After the so-called “period of reflection” following the French and Dutch rejection of the EU constitution, Germany has announced that it will use its presidency of the EU to impose it anyway. German Chancellor Angela Merkel has insisted that her country’s presidency, which begins in January, will relaunch the discredited document.
“We need a constitutional treaty and we need it before the next European election,” she said.
The election will be in 2009. Merkel will also work closely with Portugal and Slovenia, the next two states to hold the EU presidency, to put the constitution in place after Berlin’s six-month stint ends in July.
Just to recap, this constitution would create a European army to carry out a single EU foreign policy, make euro membership compulsory, turn the EU into a single legal entity with its own unaccountable courts and police, enforce unfair trade deals and privatisation and abolish all the powers associated with modern nation states.
After meeting European Commission president Jose Barroso, Merkel reiterated that the EU constitution should not be slimmed down to make it more acceptable to increasingly hostile EU voters. She has not specified how to sell the abolition of representative democracy, but is expected to produce some meaningless flam about the so-called ‘European social model’.

Giving the game away
This relaunch has clearly emerged from a brainstorming session in Brussels. Former commission president Romano Prodi gave the game away when he grandly announced in the Financial Times two weeks ago that “last year was the year of mourning (for the constitution); this year is the year of reflection. Next year will be the launching.”
To you and me, that is Euro-speak for “last year, the constitution was rejected; this year, we ignored results and, in 2007, we will impose it anyway”.
EU commissioner Margot Wallstrom backed this deeply cynical strategy by confirming that “the commission would not like to depart too much from the constitutional treaty”.
However, the federalists are in a very difficult position, amid divisions among themselves and growing public hostility to EU institutions and the synthetic single currency.
British Foreign Secretary Margaret Beckett has described the constitution as a “grandiose project which didn’t come off”, a clear sign that the British Government is distancing itself from an unpopular project.
Wallstrom has demanded that the abolition of national vetoes be written into the text for the touchingly simple reason that “if you start to open up, you open everything”
Yet even Germany’s own constitutional court has put off rubber-stamping the constitution after German MP Peter Gauweiler challenged parliamentary ratification on the grounds that it would deprive Berlin of its power. Moreover, Merkel’s cabinet approval last month of plans to turn the German conscript army into a global intervention force within the European Union also proved to be a disaster, after a military scandal broke in the media the very next day.

Shocking photographs
Shocking photographs of Bundeswehr soldiers desecrating human skulls in Afghanistation, including an image of a soldier simulating oral sex, printed in the mass-circulation Bild newspaper have not endeared the German public to revanchist euro-militarism. Germany’s KSK special military forces are also facing a parliamentary investigation after being accused of torturing a German-born prisoner in Afghanistan and spiriting him away to spend over four years in Guantanamo Bay before being released.
There are already over 9,000 troops overseas in Afghanistan, the former Yugoslavia and Congo. The Government argues that military capacity must be expanded to deploy 14,000 troops on at least five foreign imperialist adventures simultaneously. Ordinary Germans may see things differently.
The German political class is simply repeating what other EU elites are doing: ignoring domestic democratic aspirations in order to fulfil the euro-federalist agenda to build an anti-democratic superstate fit for corporate interests. But that is no easy task.
Just as the ‘liberal’ proponents of military intervention in Iraq and elsewhere are increasingly bereft of any intellectual justification for endless war, while their leader George W Bush faces the wrath of the US public, so the federalists in Europe are being similarly exposed as they try to build an imperialist military empire in the image of the US.
For the left to confront these twin threats effectively, it must put forward a real alternative and argue for democracy, self-determination and peace, not only in Iraq but across the EU as well.
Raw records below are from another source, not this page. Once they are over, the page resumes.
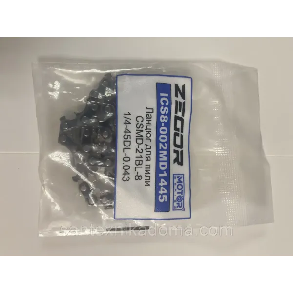 Пиляльний ланцюг ZEGOR ICS8-002MD1445 — змінний ланцюг для шини 8" (20 см), сумісний з акумуляторними пилами ZEGOR моделей CSMD-21BL-8, CSAX-21BL-8 та CSMQ-21BL-8. Крок 1/4", 45 провідних ланок, товщина ланки 0,043" (1,1 мм).
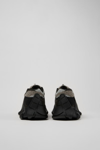 Black-gray sneakers with TENCEL™ Lyocell uppers featuring distorted print, recycled PET laces with drawstring closure, sugarcane EVA midsoles, OrthoLite® Recycled™ footbeds, and rubber outsoles. Features Upper TENCEL™ Lyocell Color Black/Gray Outsole/Features Natural Rubber Midsole Sugarcane EVA Insole Recycled OrthoLite® Footbed Lining 76% Recycled Polyester 24% Textile (51% TENCEL™ Lyocell-36% Recycled Polyester-13% PU Thread)
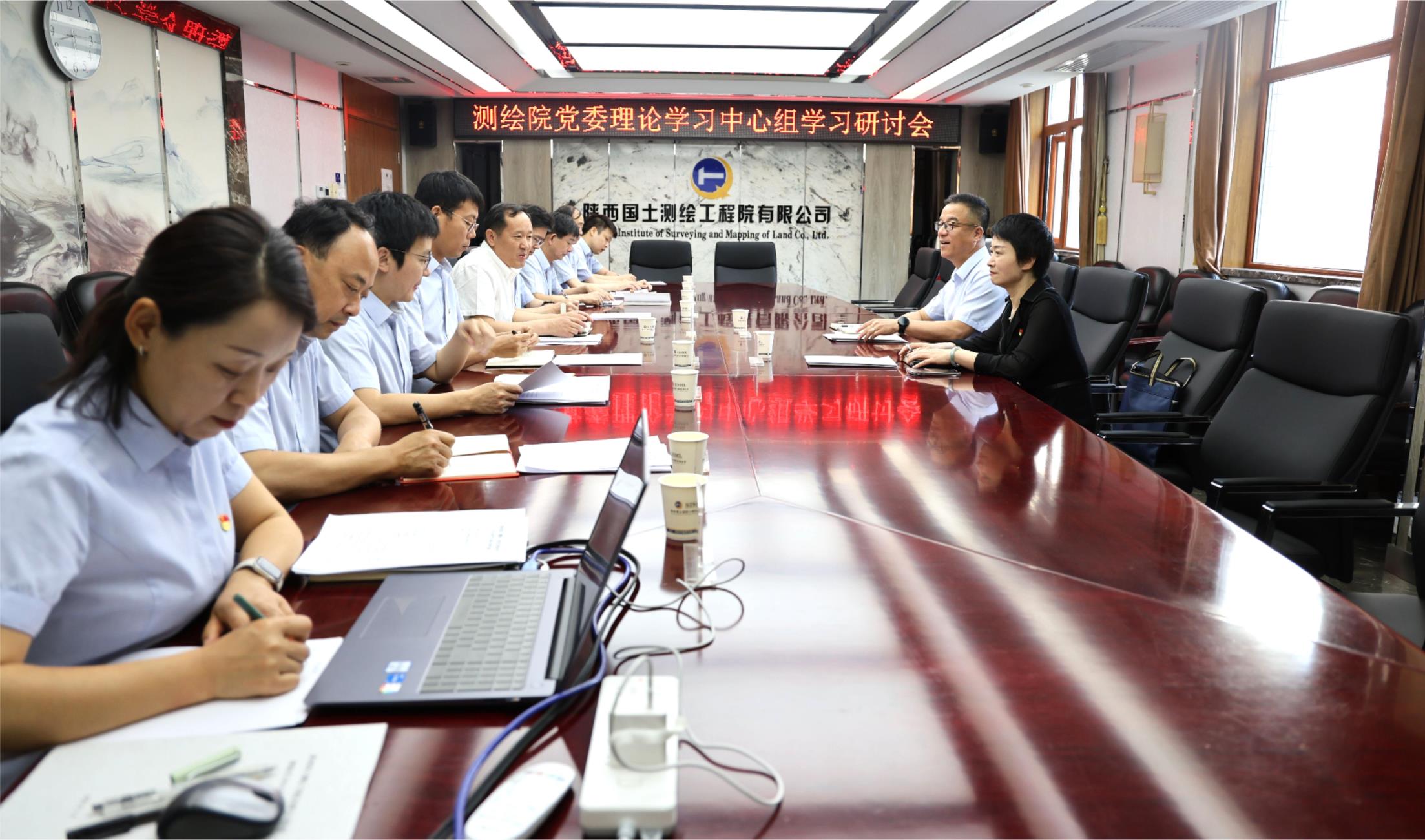 5月15日上午,陜西國土測繪工程院召開黨委理論學習中心組學習研討交流會。集團公司黨委委員、副總經理黨向陽到會旁聽指導,行政工作部主任馮鈺一同參加。公司黨委書記、執行董事、總經理馮永強主持會議,領導班子成員、相關部門負責人參加會議。

Turkish surprise move confuses EU diplomacy

Turkey’s last-ditch offer to open one port and one airport to Cypriot traffic appears only to have complicated EU efforts to find a common stance on the fate of Ankara’s membership talks.
EU member states’ representations in Brussels signalled confusion on Thursday of last week over a morning proposal from Ankara to start allowing trade from member state Cyprus, in a bid to avert a partial freeze of its EU membership negotiations.
The “unclear” language of the Turkish proposal prompted the Finnish EU presidency to shift a meeting of member states’ EU ambassadors on the issue to Friday 8 December.
“This can either be the golden goal or a trick cigar,” one EU diplomat stated.
Finnish foreign minister Erkki Tuomioja confirmed in a statement that Ankara intends to “provisionally open a major sea port to Cypriot vessels”, partially fulfilling a key obligation under the so-called Ankara protocol which prohibits blocking trade from EU member states.
“Turkey’s initiative is a positive step towards full implementation of the Ankara protocol, but still needs clarification,” Mr Tuomioja said, referring to a second part of the plan in which Ankara also signalled it would open an airport to Cypriot commercial flights.
Some diplomats said that Ankara apparently made the opening of one airport conditional on a parallel move by Cyprus to allow the opening of one airport in Turkish-controlled Northern Cyprus, which is under an international trade embargo.
While Finnish presidency sources said they were still seeking clarification from the Turks, both the presidency and the European Commission reacted cautiously but positively to Ankara’s willingness to open at least one port without conditions.
“If Turkey is ready for such an unconditional move, this positive step will influence the Council’s [member states’] discussions on the continuation of Turkey’s EU accession process,” said Mr Tuomioja, with the commission calling it an “important step” if confirmed.
A diplomat from a large western member state suggested that the European Commission should look at Ankara’s proposal as early as Thursday night before member states’ ambassadors meet again on Friday.
He added that Brussels might need to “reconsider” its recommendation, made last week, to partially freeze Turkey’s membership talks.
The Commission is recommending the suspension of the opening of eight chapters of Turkey’s 35-strong EU negotiations book as a sanction for Turkey’s refusal to implement the Ankara protocol before the end of the year.  Talks on the remaining chapters could continue.

Continuing rift
The Commission proposal forms the basis for discussions by EU foreign ministers at a key meeting on Monday, 11 December.  These discussions revealed deep divisions between those member states taking a soft line on Turkey and those wanting to push a harder line.
Turkey’s latest move seems to have done little to bridge these divides, with diplomats saying that Cyprus suspects Turkey of wanting to derail the meeting with an eleventh hour, partial concession.
According to DPA press agency, a Cypriot spokesperson said that Nicosia would in any case not allow the opening of any airport in the North of the island, while a Greek Foreign Ministry spokesperson said the opening of just one port is not enough.
German foreign minister Frank-Walter Steinmeier, on the other hand, said that Turkey appeared to be showing a “cautious readiness to make concessions”.
In a strong positive reaction, a British official told reporters that “We have been pressing the Turkish Government to implement its obligations. A unilateral move would be courageous and positive. It is essential that the EU responds.”
Turkey’s EU accession talks will continue to be highly charged in the months ahead. This  Monday EU foreign ministers decided to continue the bulk of chapters in Ankara’s negotiating book. However Cyprus has hinted that it may still use its veto to block progress in the negotiations.